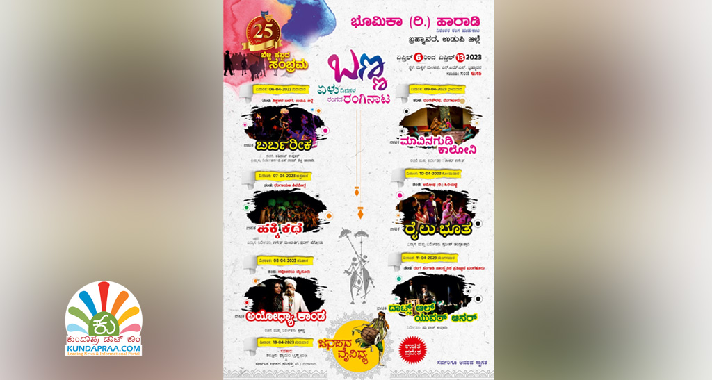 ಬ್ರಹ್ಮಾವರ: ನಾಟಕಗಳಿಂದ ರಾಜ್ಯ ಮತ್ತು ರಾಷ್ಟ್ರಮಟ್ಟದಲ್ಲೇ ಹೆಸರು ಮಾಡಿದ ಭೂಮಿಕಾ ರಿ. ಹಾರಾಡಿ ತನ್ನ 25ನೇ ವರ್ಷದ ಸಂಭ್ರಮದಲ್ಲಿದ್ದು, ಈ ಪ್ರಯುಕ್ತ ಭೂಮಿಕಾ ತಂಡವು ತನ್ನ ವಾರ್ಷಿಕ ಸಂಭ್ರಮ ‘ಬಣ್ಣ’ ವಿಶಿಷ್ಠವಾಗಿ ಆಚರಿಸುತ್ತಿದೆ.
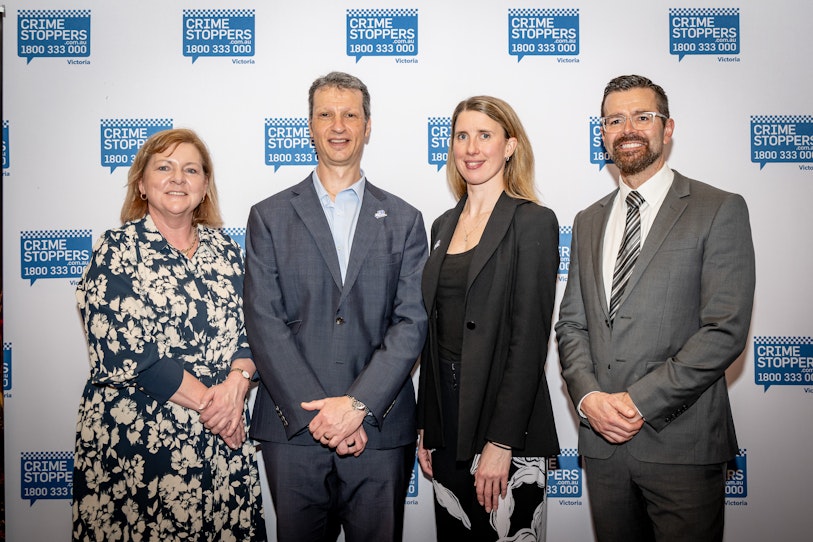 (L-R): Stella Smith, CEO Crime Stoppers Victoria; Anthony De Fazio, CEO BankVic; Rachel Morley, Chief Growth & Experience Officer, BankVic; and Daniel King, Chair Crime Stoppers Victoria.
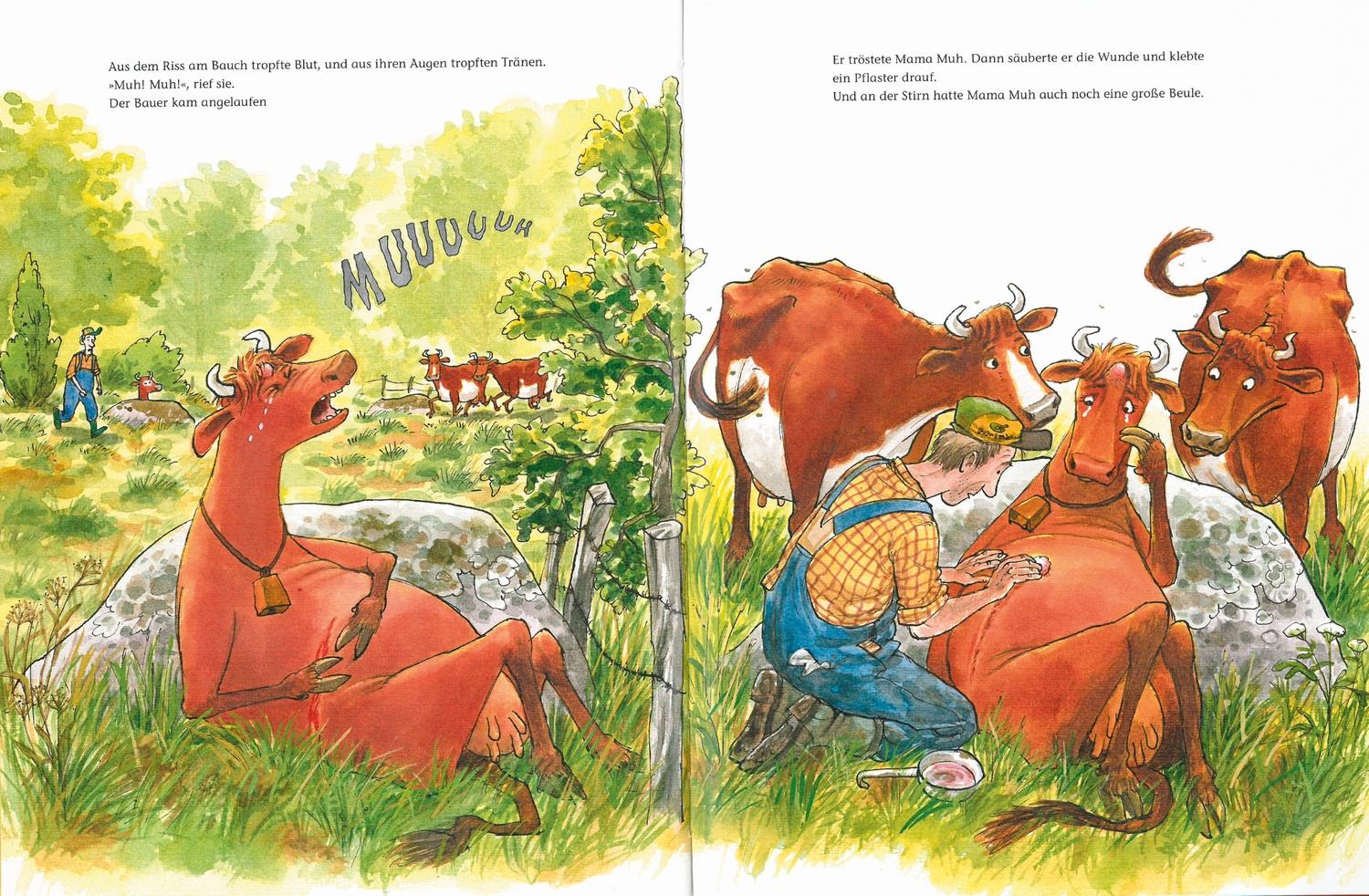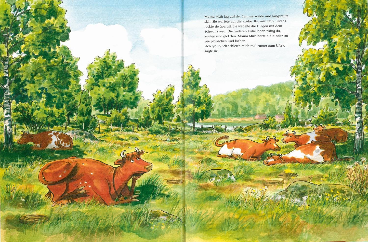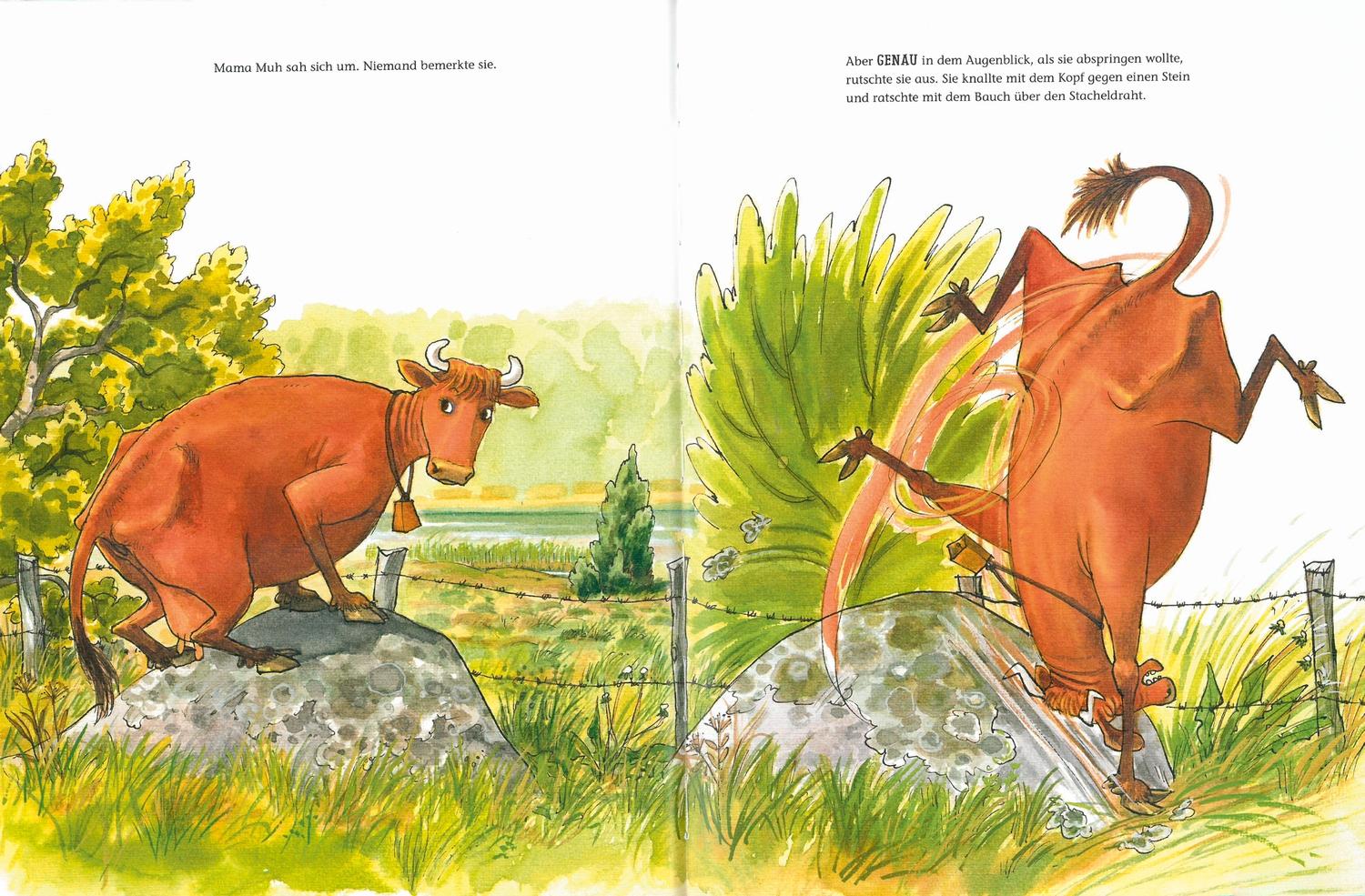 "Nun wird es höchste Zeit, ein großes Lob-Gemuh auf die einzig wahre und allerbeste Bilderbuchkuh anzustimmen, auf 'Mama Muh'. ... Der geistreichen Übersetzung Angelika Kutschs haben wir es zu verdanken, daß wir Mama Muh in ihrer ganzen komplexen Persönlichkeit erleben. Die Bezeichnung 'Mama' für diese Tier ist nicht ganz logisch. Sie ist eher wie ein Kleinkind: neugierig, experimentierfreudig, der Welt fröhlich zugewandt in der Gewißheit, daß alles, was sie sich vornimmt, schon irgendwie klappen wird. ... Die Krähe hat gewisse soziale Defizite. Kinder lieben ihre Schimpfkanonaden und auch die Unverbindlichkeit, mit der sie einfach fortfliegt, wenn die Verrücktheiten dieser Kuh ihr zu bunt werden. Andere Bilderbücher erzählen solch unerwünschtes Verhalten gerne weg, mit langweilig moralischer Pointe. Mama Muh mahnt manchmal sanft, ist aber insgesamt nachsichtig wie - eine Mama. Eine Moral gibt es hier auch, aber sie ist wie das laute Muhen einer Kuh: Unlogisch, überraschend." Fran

**EXERCISE**:
Print every line of the material exactly as written, but drop the pictures.

**OUTPUT**:
 ಬ್ರಹ್ಮಾವರ: ನಾಟಕಗಳಿಂದ ರಾಜ್ಯ ಮತ್ತು ರಾಷ್ಟ್ರಮಟ್ಟದಲ್ಲೇ ಹೆಸರು ಮಾಡಿದ ಭೂಮಿಕಾ ರಿ. ಹಾರಾಡಿ ತನ್ನ 25ನೇ ವರ್ಷದ ಸಂಭ್ರಮದಲ್ಲಿದ್ದು, ಈ ಪ್ರಯುಕ್ತ ಭೂಮಿಕಾ ತಂಡವು ತನ್ನ ವಾರ್ಷಿಕ ಸಂಭ್ರಮ ‘ಬಣ್ಣ’ ವಿಶಿಷ್ಠವಾಗಿ ಆಚರಿಸುತ್ತಿದೆ.
 (L-R): Stella Smith, CEO Crime Stoppers Victoria; Anthony De Fazio, CEO BankVic; Rachel Morley, Chief Growth & Experience Officer, BankVic; and Daniel King, Chair Crime Stoppers Victoria.
 "Nun wird es höchste Zeit, ein großes Lob-Gemuh auf die einzig wahre und allerbeste Bilderbuchkuh anzustimmen, auf 'Mama Muh'. ... Der geistreichen Übersetzung Angelika Kutschs haben wir es zu verdanken, daß wir Mama Muh in ihrer ganzen komplexen Persönlichkeit erleben. Die Bezeichnung 'Mama' für diese Tier ist nicht ganz logisch. Sie ist eher wie ein Kleinkind: neugierig, experimentierfreudig, der Welt fröhlich zugewandt in der Gewißheit, daß alles, was sie sich vornimmt, schon irgendwie klappen wird. ... Die Krähe hat gewisse soziale Defizite. Kinder lieben ihre Schimpfkanonaden und auch die Unverbindlichkeit, mit der sie einfach fortfliegt, wenn die Verrücktheiten dieser Kuh ihr zu bunt werden. Andere Bilderbücher erzählen solch unerwünschtes Verhalten gerne weg, mit langweilig moralischer Pointe. Mama Muh mahnt manchmal sanft, ist aber insgesamt nachsichtig wie - eine Mama. Eine Moral gibt es hier auch, aber sie ist wie das laute Muhen einer Kuh: Unlogisch, überraschend." Fran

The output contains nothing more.